ITEM 3. SOURCE AND AMOUNT OF FUNDS OR OTHER CONSIDERATION.
The Reporting Person paid $60,076.50 funds for the purchase of 87,384
shares of the Company issued in a private placement, dated December 23, 1997
(the "December 1997 Private Placement"). The Reporting Person used personal
funds to purchase such shares.
ITEM 4. PURPOSE OF TRANSACTION.
The Reporting Person acquired the shares of the Common Shares in the
private placement for investment purposes only.
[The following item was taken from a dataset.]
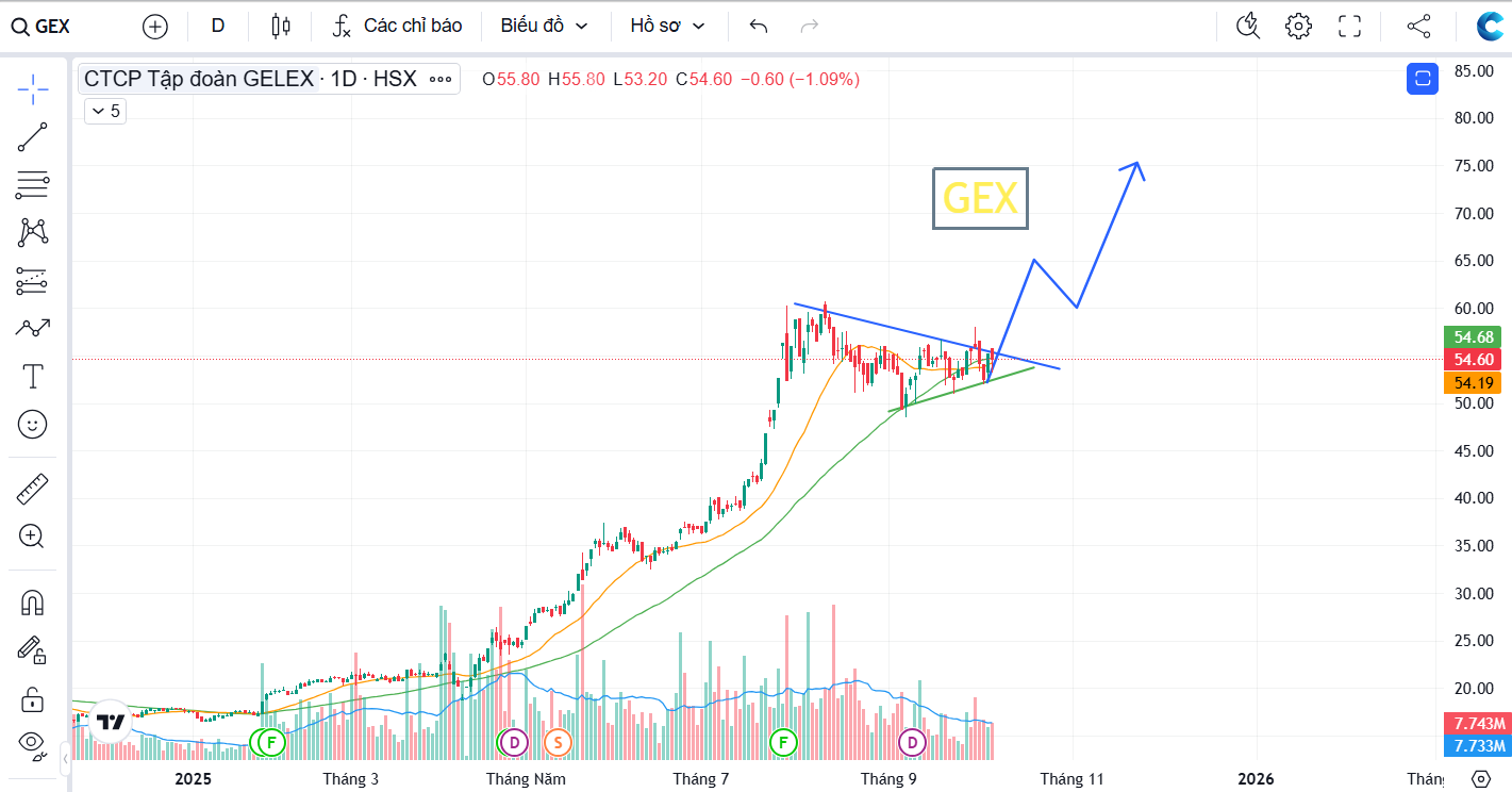 Hưởng lợi: Là cổ phiếu “ăn theo” dòng tiền đầu tư công & FDI. Với room ngoại rộng, GEX dễ lọt vào tầm ngắm ETF. Ngoài ra, liên quan đến hệ sinh thái tài sản số (VIXEX) cũng khiến GEX trở thành “ẩn số thú vị” – không phải ai cũng dám nắm sớm.

The Reporting Person has no
present plans or intentions that relate to, or would result in, any of the
actions described in items 4(a) - (j) of the instructions of Schedule D.
ITEM 5. INTEREST IN SECURITIES OF THE ISSUER.
(a) The Reporting Person beneficially owns 275,000 shares of the Common
Shares, consisting of approximately 8.78% of the aggregate number of shares of
Common Shares outstanding as of January 14, 1998, as reported by the Company.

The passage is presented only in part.